Op zo’n moment ben ik niet degene die zegt ‘ah-toe-nou-even’ en ‘stel-je-niet-aan’. Ik hoef zijn lengte uiteindelijk niet te weten, dat willen zij daar dus dan zien zij daar maar dat ze daarachter komen.
U kunt de wijkverpleegkundige en Merlijn bij mij boeken als u een straattheater organiseert en nog een act nodig hebt.
De twee entingen waren ook spannend. Mijn sollicitatiebrief naar de regionale brandweer is inmiddels de deur uit want ik kan heel goed de houdt-greep als het erom spant.
Dat hij heel goed de eerste letter van de voornaam van iedereen die hij kent kan telt niet.
Dat was dan wel weer jammer. Hij hoefde alleen maar plaatjes te benoemen. Van die tekeningen waar je zelf eens naar kijkt en je weet dat je er in dat hele spel ‘Pictionary’ kansloos mee ten onder zou gaan.

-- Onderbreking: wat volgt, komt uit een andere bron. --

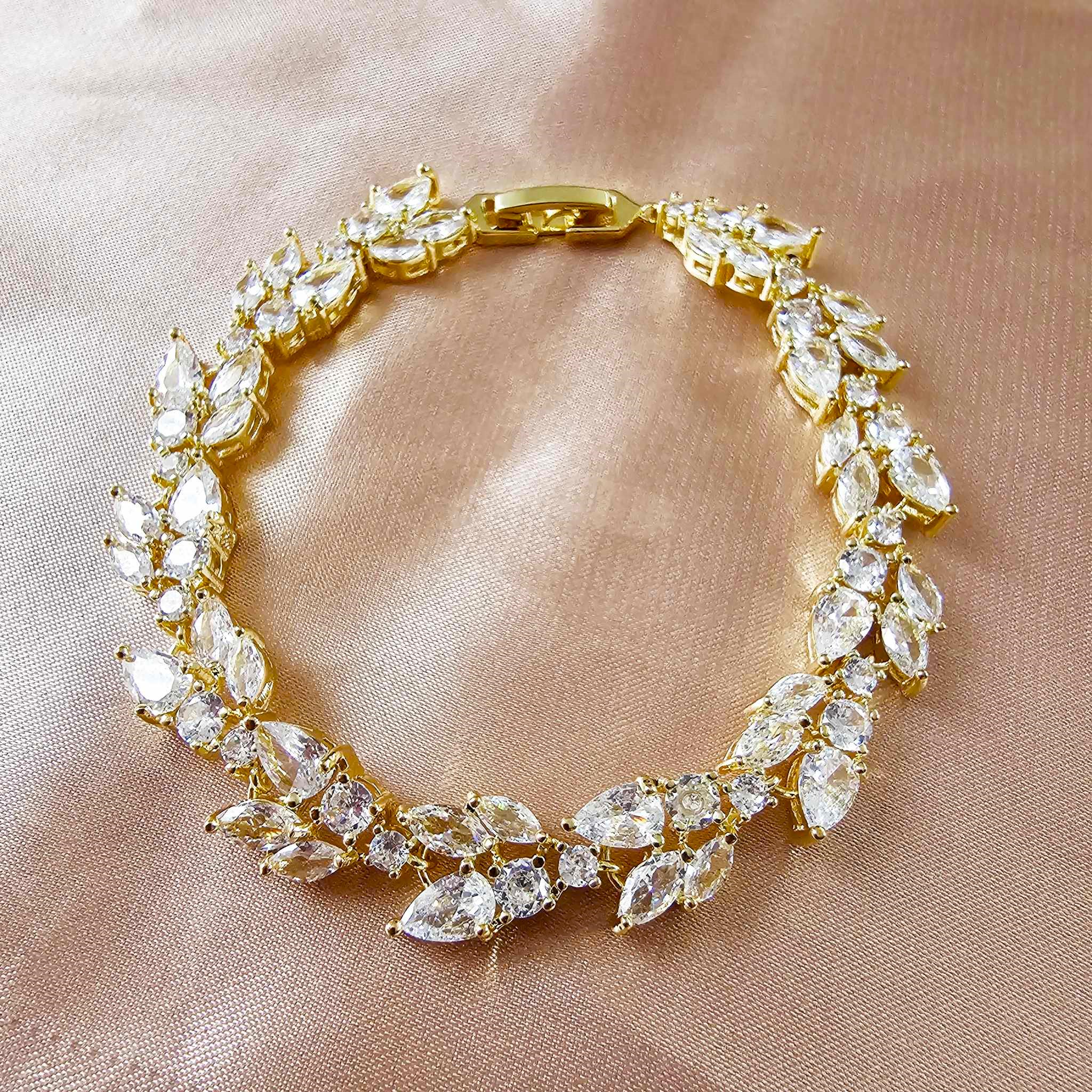 Wykonana w szlachetnym odcieniu złota bransoletka doskonale uzupełnia zarówno tradycyjne, jak i nowoczesne stylizacje ślubne, dodając im niepowtarzalnego uroku.

Een omgevallen stoeltje, de schoenen van mama en een kopjetheepot.
Omdat hij zo consequent was in zijn benoemingen is hij als een godswonder geslaagd voor de ogentest.
‘Ik krijg óók prikjes!’ zei het wonderkind trots toen we op weg waren naar de post.
‘Nee’, doceerde ik ‘de dokter gaat in jouw mond kijken’.
Dat vond hij ook wel wat. Hij ging ook naar de dokter en op de één of andere manier beviel dat hem mateloos. Ik verdenk hem er ernstig van dat hij de komende dagen status ontleent aan het felle lampje en het stokje waarmee zijn mond bekeken werd.
‘Aaah’ en ‘oooh’ zei hij.
‘Ik zie geen glas meer’ zei de dienstdoende arts. ‘Geef hem maar zoete koek zo, als hij glas heeft ingeslikt gaat dat daar in zitten’.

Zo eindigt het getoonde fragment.